An ordinary cube has four blank faces, one face marked 2 and another marked 3. Then the probability of obtaining 9 in 5 throws, is

To solve the problem, we need to find the probability of obtaining a total of 9 when throwing a specially marked cube 5 times.

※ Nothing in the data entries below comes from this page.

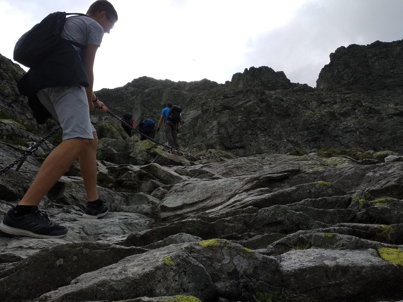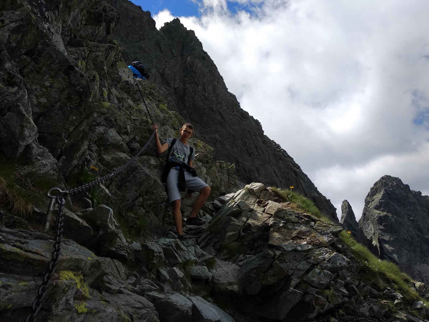 Mijają kolejne minuty i dochodzimy do Buli pod Rysami. Stamtąd zauważamy, że w dalszej części szlaku zaczyna się robić tłoczno. Mamy też świadomość ilu turystów minęliśmy po drodze, więc chcąc uniknąć kolejek nie czekamy dłużej i kierujemy się w stronę pierwszych łańcuchów. Kilka razy musieliśmy poczekać na swoją kolej, ale nie było tak źle. Kamil momentami miał już dość, ale wystarczała mu chwila oddechu i ruszał dalej.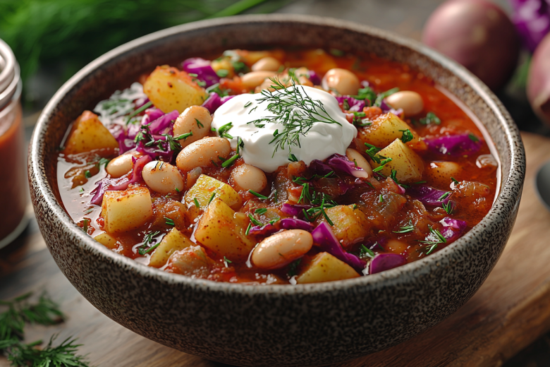 Рецепт: свеклу и морковь нарежьте соломкой, лук — кубиками. Обжарьте лук до прозрачности, добавьте морковь и свеклу, тушите 7–10 минут. Влейте 1 ст. л. уксуса или сока лимона, чтобы свекла сохранила цвет, добавьте томатную пасту, перемешайте и снимите с огня. В кипящую воду (2,5 л) отправьте нарезанный картофель, через 10 минут добавьте нашинкованную капусту. Когда овощи станут мягкими, добавьте зажарку и промытую фасоль. Посолите, поперчите, добавьте лавровый лист и варите 5–7 минут. В конце введите измельченный чеснок и зелень. Дайте настояться под крышкой 20–30 минут.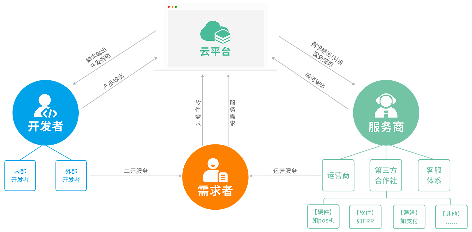开放平台面向开发合作者,共享全国渠道体系,资源整合,合作共赢,双向提高平台、中小开发企业核心竞争力。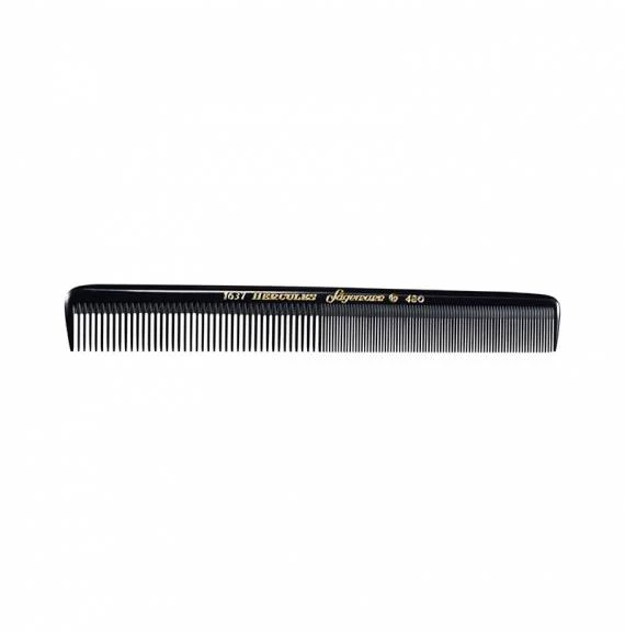 Peine profesional de la marca Hercules Sägemann Ag 1637-480 con un largo de 21,6 cm. División de dientes gruesos y finos ideal para cortar el cabello. Fabricado, cortado y pulido a mano. Ergonómico, resistente al calor y a los químicos. Fabricado con ebonita, un goma natural similar en flexibilidad y resistencia al marfil o cuerno. Antiestático.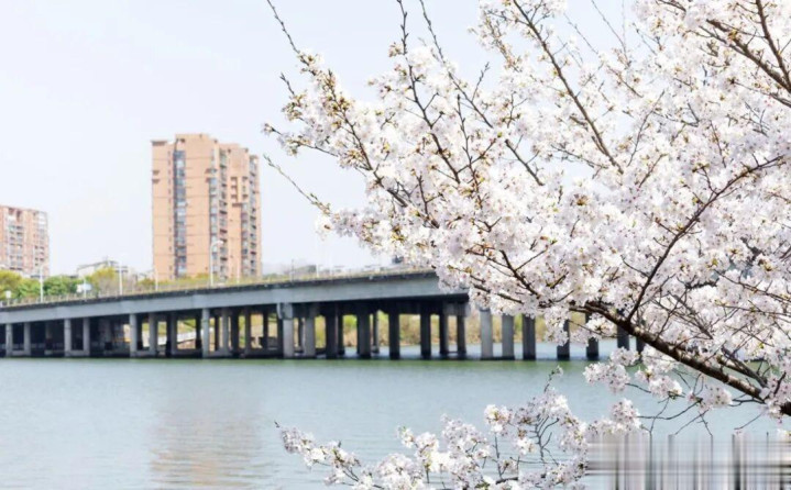 在信安湖的十里滨水长廊,沿岸赞助有河津樱、大渔樱等数十种樱花,粉白如霞,春水碧波,落英纷飞。在此溜达、骑行、亦或露营野餐,与文昌阁相映,这是城市春日最和缓的款式线。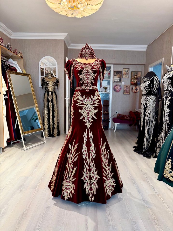 Bordo hint tarzı balık etekli kına kıyafeti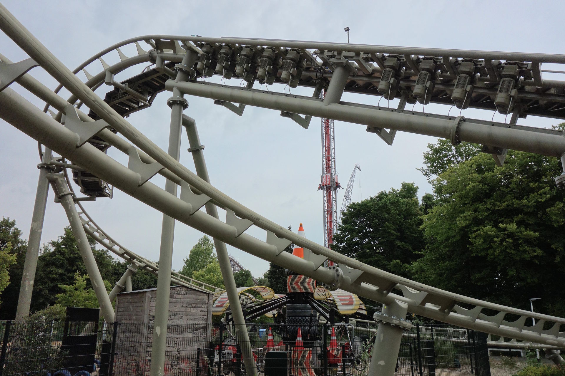 Für die modernen Vekoma-Züge mit Westenbügeln mussten an einigen Stellen nämlich die Stützen modifiziert werden.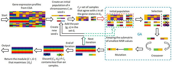 | 1. for i = 1 to ns do 2. GA begin 3. Create an initial population of n chromosomes Ci (i = 1, 2, …, n) as seeds 4. Set iteration counter t = 0 5. Choose a subset Di of the samples with size sd 6. For every gene g in Di, include the pair (g, s) in the set Gij if g is in the state s in c and all Di samples 7. Cij = set of samples that agree with c in all the gene-states in Gij 8. Calculate the MSR fitness value for each chromosome 9. while (t < MAX) 10. Select a pair of chromosomes form initial population based on MSR fitness 11. Apply crossover operation on selected pair with crossover probability 12. Apply mutation on the offspring with mutation probability 13. Replace old population with newly generated population 14. Increment the current iteration t by 1. 15. end while 16. Discard (Cij, Gij) if Cij contains less than αn samples. 17. returen the best solution, Ci with min MSR 18. GA end 19. return the module (C*, G*) that maximises |Gij|, 1 ≤ i ≤ ns |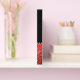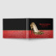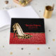 Fashionista event guest book done black and a red glitter look, with graphics of a pair of jaguar spotted stiletto high heels. Personalise the text fields for your special celebration.

The cube has 4 blank faces, one face marked with 2, and another face marked with 3. ### Step-by-Step Solution: 1. **Understanding the Cube**: - The cube has 6 faces: 4 blank faces, 1 face with the number 2, and 1 face with the number 3. 2. **Total Outcomes**: - When throwing the cube 5 times, the total number of possible outcomes is given by \(6^5\) since there are 6 faces on the cube. - Calculation: \[ 6^5 = 7776 \] 3. **Finding Favorable Outcomes**: - We need to find combinations of the numbers that add up to 9 in 5 throws. The possible combinations of faces that can achieve this are: - 0 times 3 and 4 times 2: \(0 \times 3 + 4 \times 2 = 8\) (not valid) - 1 time 3 and 3 times 2: \(1 \times 3 + 3 \times 2 = 9\) (valid) - 2 times 3 and 1 time 2: \(2 \times 3 + 1 \times 2 = 8\) (not valid) - 3 times 3 and 0 times 2: \(3 \times 3 + 0 \times 2 = 9\) (valid) 4. **Calculating Combinations**: - For the combination of 1 time 3 and 3 times 2: - The number of ways to choose which throw is 3 (out of 5) is given by \( \binom{5}{1} \). - The remaining 4 throws must be 2s, so the number of ways to arrange this is: \[ \binom{5}{1} = 5 \] - For the combination of 3 times 3 and 2 times blank: - The number of ways to choose which 3 throws are 3s (out of 5) is given by \( \binom{5}{3} \). - The remaining 2 throws must be blanks, so the number of ways to arrange this is: \[ \binom{5}{3} = 10 \] 5. **Total Favorable Outcomes**: - Adding the favorable outcomes from both combinations: \[ 5 + 10 = 15 \] 6. **Calculating Probability**: - The probability of obtaining a total of 9 in 5 throws is given by the ratio of favorable outcomes to total outcomes: \[ P = \frac{\text{Favorable Outcomes}}{\text{Total Outcomes}} = \frac{15}{7776} \] 7. **Simplifying the Probability**: - Simplifying \( \frac{15}{7776} \): \[ P = \frac{5}{2592} \] ### Final Answer: The probability of obtaining a total of 9 in 5 throws is \( \frac{5}{2592} \).